= Hans Qvist =

Danish engraver

Hans Qvist (c. 1735 – 12 February 1810) was a Danish engraver.

==Early life and education==
Qvist was probably born in Copenhagen. He apprenticed as an engraver under Jonas Haas and Odvardt Helmoldt von Lode. Haas sued him for having left his workshop to set up his own without the Royal Art Academy's approval but the dispute seems ultimately to have been settled outside the courtroom.

==Career==
Qvist completed a substantial number of prospects for Johan Jacob Bruun's Novus Atlas Daniæ in 1761. These are believed to be his first independent works. He worked for the Royal Bank in around 1765–85. He created most of the engravings for Bruuns work as well as some of the leads for Danske Atlas.
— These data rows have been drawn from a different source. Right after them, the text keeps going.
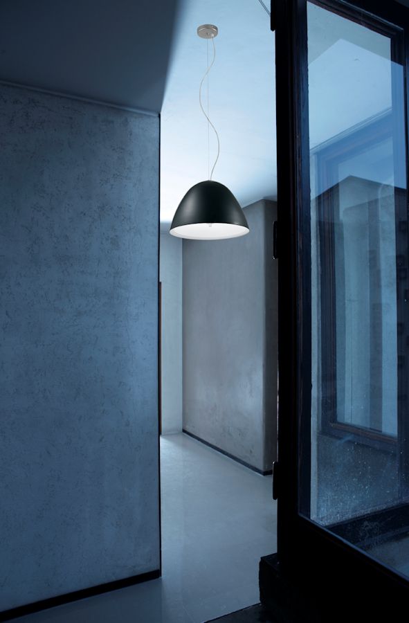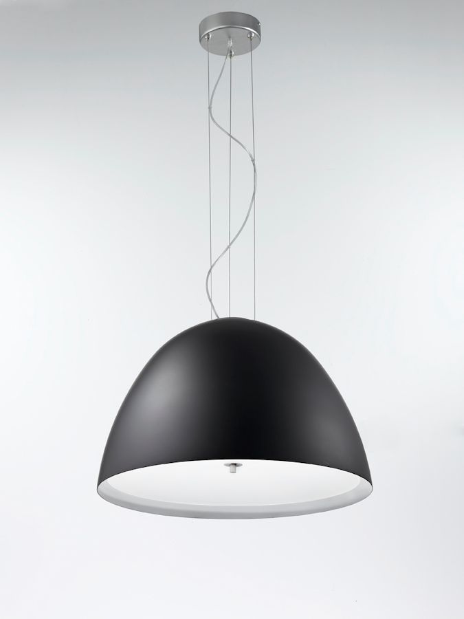 Lampada s sospensione (lampadario) disegnato da Enzo Panzeri nel 2002 con montatura grigio metallizzato e diffusore in vetro soffiato bianco o decorato nero del diametro di 60 centimetri. Disponibile su richiesta anche con sorgente luminosa agli alogenuri metallici. Contattare Genoalamp per disponibilit? e prezzi della versione agli alogenuri metallici. Alimentatore elettronico incluso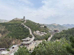 回民宿取回行李,搭上一部回頭車直接前往雁門關。沒有前往任何一個朝台,是來五台山美中不足的地方。在離開五台山景區之前,請司機找一個安全可暫時停車,又可以遠眺東台山的地方,讓我拍了一張相片乾過癮。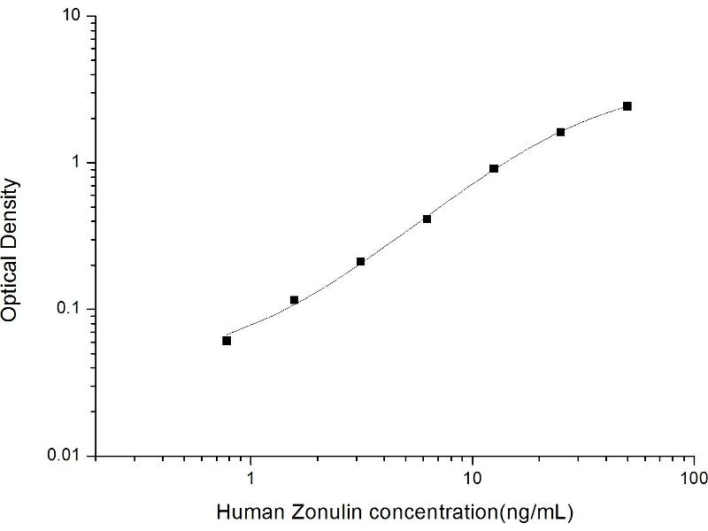 Intra-assay Precision (Precision within an assay): 3 samples with low, mid range and high level Human Zonulin were tested 20 times on one plate, respectively. Inter-assay Precision (Precision between assays): 3 samples with low, mid range and high level Human Zonulin were tested on 3 different plates, 20 replicates in each plate. Both intra-CV and inter-CV are < 10 %.
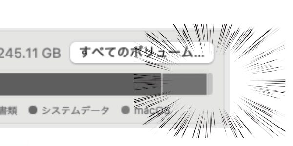 筆者のMac(M1 Mac mini)ですと作業を行う前は残り2〜3GBとなっておりました。一桁GBというのは非常によろしくない状況で、ブラウザを開いても頻繁に容量不足の警告が出ていました。MacのOSのアップデートも無視し続けている始末でした。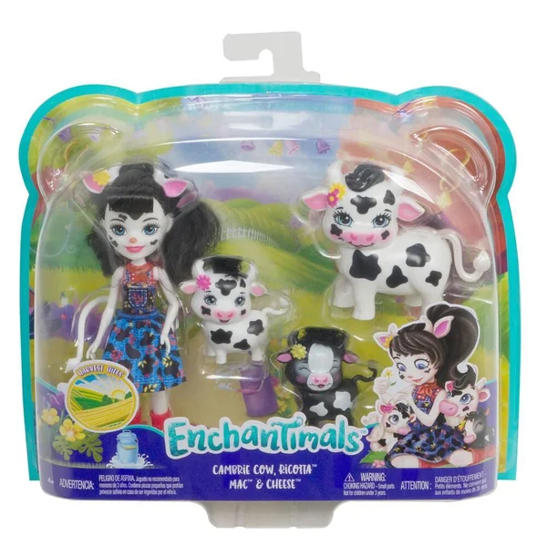 Cette famille Enchantimals de la collection Collines Fertiles inclut une poupée Cambrie Vache (15 cm), la figurine vache Ricotta et 2 figurines bébés vaches. La poupée Cambrie Vache est prête pour de belles aventures à la ferme dans sa tenue composée d’une robe-salopette avec jupe à pois amovible et de bottes de fermière rouges. La vache Ricotta et les deux petites vaches arborent chacune leur propre look vachement mignon. Contient 1 poupée avec habillage et accessoires et 3 figurines animales.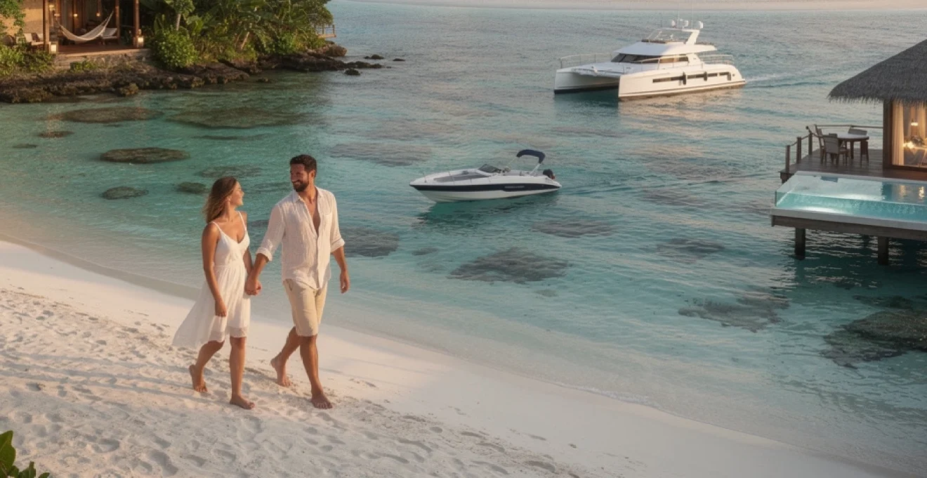 Aux Maldives, les transferts nautiques participent pleinement de l’expérience tropicale en couple. Les resorts proches de Malé sont généralement accessibles en speedboat privé ou partagé, en 30 à 60 minutes de traversée à travers les atolls. Certains établissements haut de gamme proposent toutefois des yachts privés avec équipage, permettant de transformer un simple transfert en mini-croisière romantique, avec coupe de champagne et coucher de soleil sur l’océan Indien.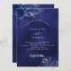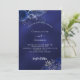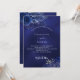 Um fundo azul marinho, decorado com flores azuis, rosas. A cor azul é irregular. Personalize e adicione seus nomes e detalhes. Adicione a url do site do casamento para detalhes do casamento e RSVP.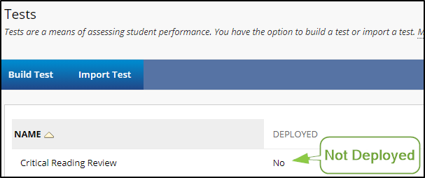 Tests are created or imported to the "Test Manager" which is located in the Control Panel under Course Tools — Tests, Surveys and Pools. For students to have access, they must be "deployed" in a content area or folder. When they are deployed, a column is automatically created in the Grade Center. Test options may be set to limit availability, add passwords, set time limits, determine level of feedback, etc.

He created four of the prints for Erik Pontoppidan the Younger in 1764. He made a map of Copenhagen County for the Royal Academy of Science in 1766–69. He also created a few book illustrations, for instance in 1761 and 1771.

==Personal life==
Qvist married Cathrine Elisabeth Liebenberg (1746 – 1828), in January 1765. He purchased the property at Ny Vestergade 9 in 1772 and sold it to royal gunsmith Christian Kyhl in 1797.